On Thursday, the Americans issued a statement expanding the current sanctions list by 130 items. The latest package of restrictions will apply to both technology companies and banks supporting Russian industry. This means a very precise blow to the financing of the Arctic LNG 2 project, which the Kremlin was counting on.
US sanctions are dangerous. A decisive blow on liquefied natural gas, a project on which Russia has great expectations. Moscow still maintains the high standards of declared production of liquefied gas, assuming a level of 100 million tons per year by 2030 – as Dr. Simon Kardash, expert of the European Council on Foreign Affairs (ECFR), mentions in an interview with Al-Mal.pl.

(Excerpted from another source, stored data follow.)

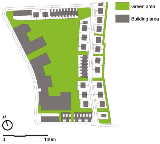 This study implemented a neighborhood plan to accommodate 234 households in the form of individual, intermediate, and collective housing at the Trémelière site in Le Rheu Commune. The main objective of the neighborhood design was to secure as much green space as possible at the center of the site to preserve the historicity of the Garden City—which was the basis of Le Rheu Commune’s urban planning—and to realize ecologically sustainable urban planning. Consequently, the total site area of 52,000 m2 was divided into a green area of 20,570.8 m2 and a building area of 13,955.3 m2 (Figure 8). The distribution of green and building areas indicated that the green area ratio within the site was 39.6%, and the building-to-land ratio was 26.8%. This result satisfied the urban planning regulations applied to this site, including securing a greenspace ratio of at least 30% and a building-to-land ratio of less than 30%.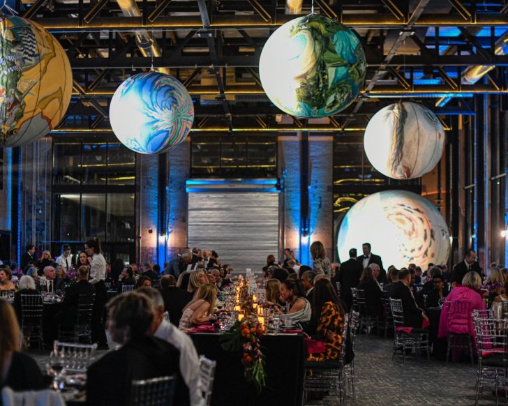 Guests sit under works by Anne Spalter at AKGala 2021 at The Powerhouse, November 12, 2021. Photo: Joe Cascio.
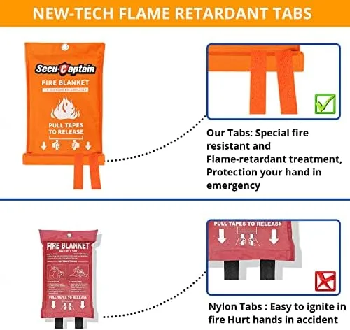 NEW-TECH FIRE RETARDANT TABS: This design fire blanket tabs with special high temperature fireproof and flame retardant treatment.Compared with the nylon tabs which will burn hands under heat source, our fire retardant tabs are not affected by high temperature, and can be pulled out in ease without hurting hands. Safe to use

Losing most of the European gas market is a big problem for Russia. After radical reductions in pipeline flows, the country was forced to develop trade in liquefied natural gas. Although Russian plans to develop this branch before the war were very ambitious, the invasion of Ukraine significantly reduced the country’s capabilities.
Destructive potential
The paradox turns out to be that despite the technological sanctions imposed by Brussels, which have further limited the possibility of developing LNG projects in Russia, Moscow avoided imposing direct restrictions on the transfer of Russian liquefied gas to the European Union.
The good news for Russia when it comes to gas and LNG is that Europe has not decided to impose sanctions on the import of LNG. Signals were sent, but it didn’t happen in the end. Unfortunately, many countries are very interested in using this gas. Dr. Simon Kardache explains that the Spanish and French have long-term contracts. – This translates into good statistics. He adds that as a result, the Russians have become the second supplier of liquefied natural gas to Europe after the United States.
As we reported at the end of August, from the beginning of this year until the end of July, the EU has purchased more than half of Russian LNG. In total, EU member states bought 22 million cubic meters of liquefied gas, compared to 15 million cubic meters in the same period in 2021That is, before the conflict broke out.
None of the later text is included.